Perturbed neuronal Ca²⁺ homeostasis is implicated in Alzheimer's disease, which has primarily been demonstrated in mice with amyloid-β deposits but to a lesser and more variable extent in tauopathy models. In this study, we injected AAV to express Ca²⁺ indicator in layer II/III motor cortex neurons and measured neuronal Ca²⁺ activity by two photon imaging in awake transgenic JNPL3 tauopathy and wild-type mice. Various biochemical measurements were conducted in postmortem mouse brains for mechanistic insight and a group of animals received two intravenous injections of a tau monoclonal antibody spaced by four days to test whether the Ca²⁺ dyshomeostasis was related to pathological tau protein.

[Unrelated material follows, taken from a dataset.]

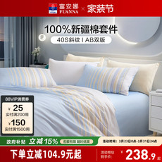 富安娜套件全棉纯棉四件套中性床罩100床单被套学生宿舍三件套新
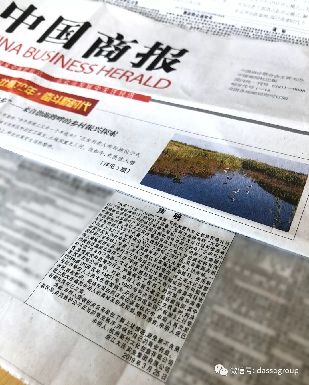 “大莊”“大庄”“ dasso”“高耐”系杭州新竹文化创意有限公司(以下简称杭州新竹)持有的在国家工商局注册的商标,“大莊”注册商标也是国家工商局认定的驰名商标:;作为全球竹运用推进者的形象,该品牌竹产品在全国范围和海外市场均拥有广泛的用户和良好的声誉:浙江大庄实业集团有限公司(以下简称大庄集团)与实际控制人及法定代表人为徐恒盛的上海大庄防腐材料有限公司及上海大庄实业有限公司(以下简称上海大庄)没有隶属关系和授权关系,同时申明人也未授权许可上海大庄使用上述商标。一段时间以来市场上发现上海大庄通过互联网及其他途径,使用申明人商标招揽业务,进行不正当的商业目的宣传;该上海大庄运营的网站故意突出使用“大庄”字样,并将大庄集团网站的“竹科技核心文化”作为自己的核心文化内容,借用项目工程作为自身项目宣传,虚假宣传和混淆的行为,严重侵犯了权利人的利益,误导消费者,扰乱市场公平竞争。对此,申明人申请立案多起诉诸法院,其中(2018)浙0109民初14831号、1940号判决书均已生效多时,判决书判令侵权人上海大庄赔偿损失,并在《中国知识产权报》上刊登申明,消除影响。现该生效的判决尚在强制执行中,申明人再次发现上海大庄侵犯申明人的商标及相关权益,情节恶劣,申明人现已诉诸法院并已立案。

Under running conditions, we found abnormal neuronal Ca²⁺ activity in tauopathy mice compared to age-matched wild-type mice with higher frequency of Ca²⁺ transients, lower amplitude of peak Ca²⁺ transients and lower total Ca²⁺ activity in layer II/III motor cortex neurons. While at resting conditions, only Ca²⁺ frequency was increased. Brain levels of soluble pathological tau correlated better than insoluble tau levels with the degree of Ca²⁺ dysfunction in tauopathy mice. Furthermore, tau monoclonal antibody 4E6 partially rescued Ca²⁺ activity abnormalities in tauopathy mice after two intravenous injections and decreased soluble pathological tau protein within the brain. This correlation and antibody effects strongly suggest that the neuronal Ca²⁺ dyshomeostasis is causally linked to pathological tau protein. These findings also reveal more pronounced neuronal Ca²⁺ dysregulation in tauopathy mice than previously reported by two-photon imaging that can be partially corrected with an acute tau antibody treatment.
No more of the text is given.